[[ Dataset content open ]]

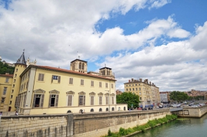 À droite, entrer dans le jardin du palais Saint-Pierre par le musée des Beaux-Arts. (- Lieu où ont été tournées des scènes des films Boulevard des Hirondelles de Josée Yanne (1992) et Vieille Canaille de Gérard Jourd’hui (1993) avec Michel Serrault, Anna Galiéna, Pierre Richard, Catherine Frot,) Revenir à l'étape 3 et continuer en face rue Constantine pour franchir la Saône sur le pont de la Feuillée et poursuivre rue Octavio-Mey.
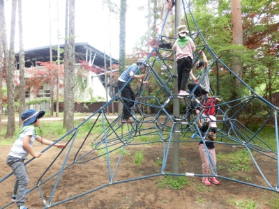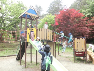 2019-05-29 こだま学級連合移動教室1日目③河口湖総合公園 バスは河口湖に着きました。富士急ハイランドの向こうに富士山も少し見えています。 河口湖総合公園に到着です。 5校の子どもたちが並んで顔合わせをしました。 まず、広い芝生でお弁当を食べます。 お弁当のあとは、遊具で遊びました。 それぞれが遊びたい遊具を選んで、楽しそうです。 たっぷり遊んだあと、富士学園に向かいます。 Home › こだま学級 › こだま学級連合移動教室1日目③河口湖総合公園 関連記事 6年生の表現運動 音楽会2日目 AKAの日 運動会午前の部① 5年生の社会科見学 こだま学級連合移動教室1日目②バスで河口湖へ こだま学級連合移動教室1日目④富士学園に到着
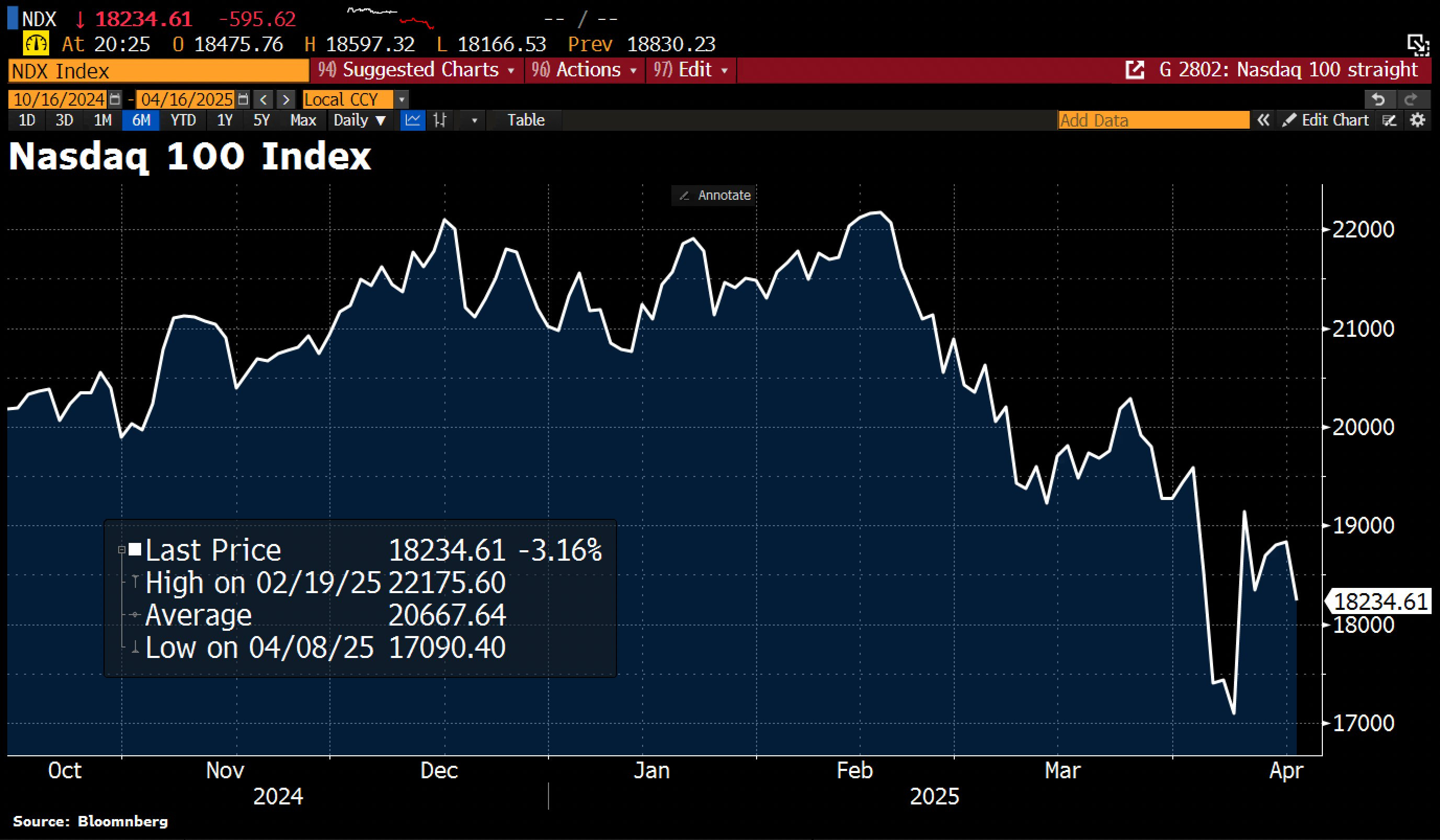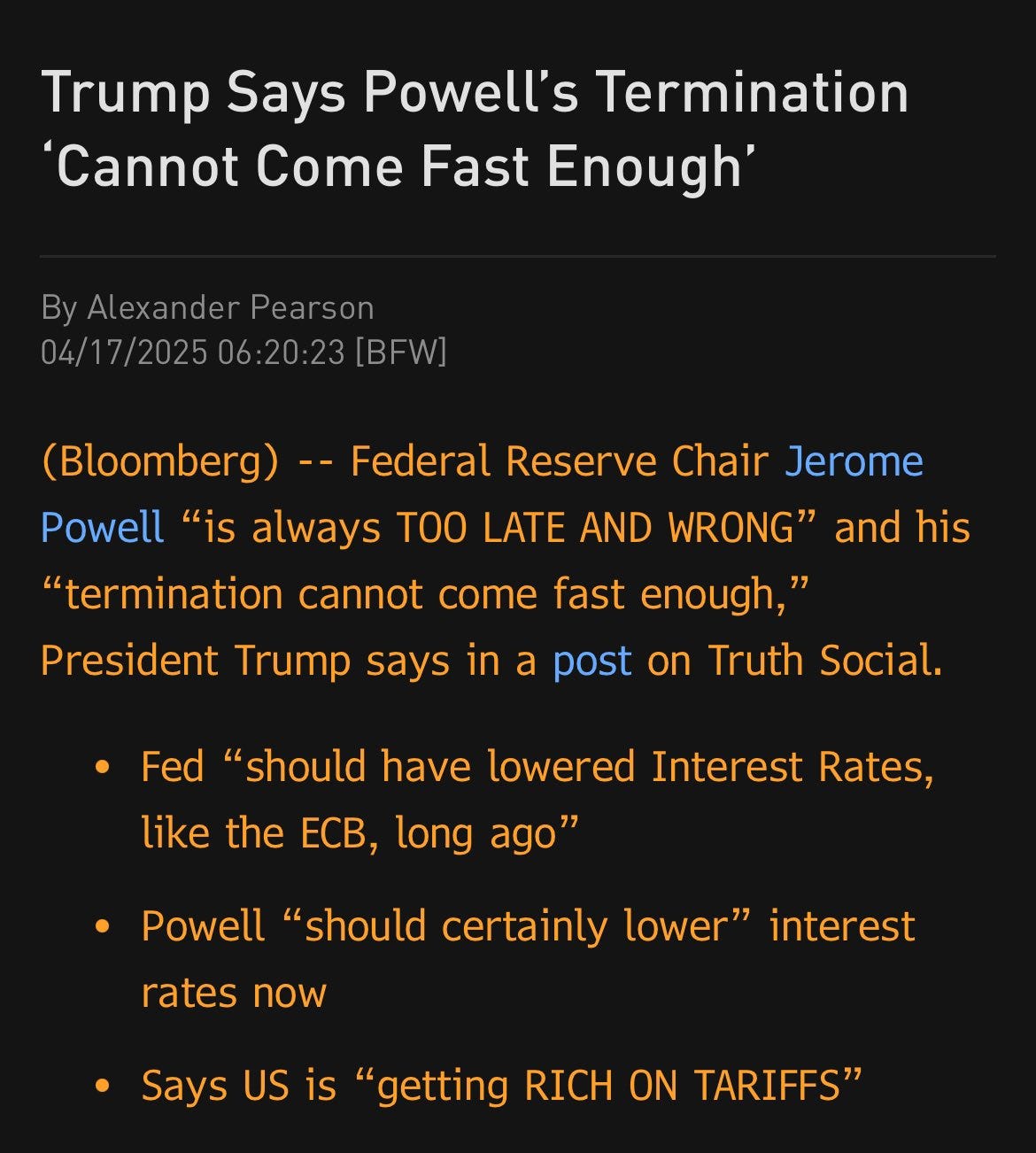 Nasdaq 100 actually plunged c.3% after hawkish Powell remarks. He even warned that tariffs are “significantly larger than anticipated.” Powell tried to then show a calm nature by saying that markets are functioning and orderly. He pushed back against the idea of a "Fed put" to bail out stock markets. Equity markets usually selloff on hawkish remarks, but I think this selloff was driven by uncertainty rather than basic hawkishness.

[[ Dataset content closed ]]

● Task to carry out
The data above must be given back verbatim, minus its images.

● Answer area
 À droite, entrer dans le jardin du palais Saint-Pierre par le musée des Beaux-Arts. (- Lieu où ont été tournées des scènes des films Boulevard des Hirondelles de Josée Yanne (1992) et Vieille Canaille de Gérard Jourd’hui (1993) avec Michel Serrault, Anna Galiéna, Pierre Richard, Catherine Frot,) Revenir à l'étape 3 et continuer en face rue Constantine pour franchir la Saône sur le pont de la Feuillée et poursuivre rue Octavio-Mey.
 2019-05-29 こだま学級連合移動教室1日目③河口湖総合公園 バスは河口湖に着きました。富士急ハイランドの向こうに富士山も少し見えています。 河口湖総合公園に到着です。 5校の子どもたちが並んで顔合わせをしました。 まず、広い芝生でお弁当を食べます。 お弁当のあとは、遊具で遊びました。 それぞれが遊びたい遊具を選んで、楽しそうです。 たっぷり遊んだあと、富士学園に向かいます。 Home › こだま学級 › こだま学級連合移動教室1日目③河口湖総合公園 関連記事 6年生の表現運動 音楽会2日目 AKAの日 運動会午前の部① 5年生の社会科見学 こだま学級連合移動教室1日目②バスで河口湖へ こだま学級連合移動教室1日目④富士学園に到着
 Nasdaq 100 actually plunged c.3% after hawkish Powell remarks. He even warned that tariffs are “significantly larger than anticipated.” Powell tried to then show a calm nature by saying that markets are functioning and orderly. He pushed back against the idea of a "Fed put" to bail out stock markets. Equity markets usually selloff on hawkish remarks, but I think this selloff was driven by uncertainty rather than basic hawkishness.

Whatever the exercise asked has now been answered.